Friday, October 9, 2009

The Nobel Peace Prize?? WTF??


Okay, I think the Nobel Prize committee has taken complete leave of their senses.

I recognize that President Obama has said many lofty things, like let's de-nuke the world, of course, while ignoring Iran's march to arm itself with Nukes. His saying he will close Gitmo, while he hasn't, so on and so forth. he'll meet with Iran, which he hasn't, and won't meet with the Dalai Lama. You get the picture.

I thought, at least until they awarded the Nobel Peace Prize to Al Gore for his stunning research into global warming (a bit of sarcasm there) that to be awarded the Nobel Peace Prize you had to actually achieve or do something. Even the article below states (after the jump):

"Rather than recognizing concrete achievement, the 2009 prize appeared intended to support initiatives that have yet to bear fruit: reducing the world stock of nuclear arms, easing American conflicts with Muslim nations and strengthening the U.S. role in combating climate change."

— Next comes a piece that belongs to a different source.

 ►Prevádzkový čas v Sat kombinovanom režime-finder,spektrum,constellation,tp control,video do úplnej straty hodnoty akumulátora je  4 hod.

Well cool. I promise to end strife, make the planet cool, meet with Muslims, Animists, Jews, Christians, Buddhists, Agnostics, Druids, and the like, and I will take everyone's nuclear weapons too.

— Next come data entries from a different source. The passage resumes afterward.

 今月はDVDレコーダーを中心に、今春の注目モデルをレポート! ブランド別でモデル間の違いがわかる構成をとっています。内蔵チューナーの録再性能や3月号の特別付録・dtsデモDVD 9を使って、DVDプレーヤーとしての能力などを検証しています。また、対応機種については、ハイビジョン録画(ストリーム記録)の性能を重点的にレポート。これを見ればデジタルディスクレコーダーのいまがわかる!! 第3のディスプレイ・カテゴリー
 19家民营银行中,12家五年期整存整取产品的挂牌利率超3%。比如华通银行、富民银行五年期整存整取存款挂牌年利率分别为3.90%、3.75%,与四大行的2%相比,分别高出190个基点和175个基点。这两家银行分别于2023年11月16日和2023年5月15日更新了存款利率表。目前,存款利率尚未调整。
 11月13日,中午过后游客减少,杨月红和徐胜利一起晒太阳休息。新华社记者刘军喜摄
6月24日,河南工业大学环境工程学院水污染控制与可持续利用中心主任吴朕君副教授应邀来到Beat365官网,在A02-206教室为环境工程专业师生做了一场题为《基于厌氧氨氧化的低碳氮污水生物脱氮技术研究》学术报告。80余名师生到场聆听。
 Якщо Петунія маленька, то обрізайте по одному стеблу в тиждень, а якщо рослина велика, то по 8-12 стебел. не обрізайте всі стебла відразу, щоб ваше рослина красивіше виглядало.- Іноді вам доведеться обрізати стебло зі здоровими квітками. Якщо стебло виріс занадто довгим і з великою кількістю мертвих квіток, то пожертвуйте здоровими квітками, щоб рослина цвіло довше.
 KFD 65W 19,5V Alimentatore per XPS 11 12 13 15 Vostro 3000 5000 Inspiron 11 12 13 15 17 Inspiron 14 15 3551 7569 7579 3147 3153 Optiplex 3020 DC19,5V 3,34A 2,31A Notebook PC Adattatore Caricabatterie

Check out the Saturday Night Live skit from last weekend.

Maybe this was a consolation prize for not getting the Olympics last week. And no, I am not being a racist.




In a surprise, Obama wins Nobel Peace Prize
By Karl Ritter and Matt Moore - Associated Press

OSLO — President Barack Obama won the 2009 Nobel Peace Prize on Friday for "his extraordinary efforts to strengthen international diplomacy and cooperation between peoples," the Norwegian Nobel Committee said, citing his outreach to the Muslim world and attempts to curb nuclear proliferation.

The stunning choice made Obama the third sitting U.S. president to win the Nobel Peace Prize and shocked Nobel observers because Obama took office less than two weeks before the Feb. 1 nomination deadline. Obama's name had been mentioned in speculation before the award but many Nobel watchers believed it was too early to award the president.

Speculation had focused on Zimbabwe's Prime Minister Morgan Tsvangirai, a Colombian senator and a Chinese dissident, along with an Afghan woman's rights activist.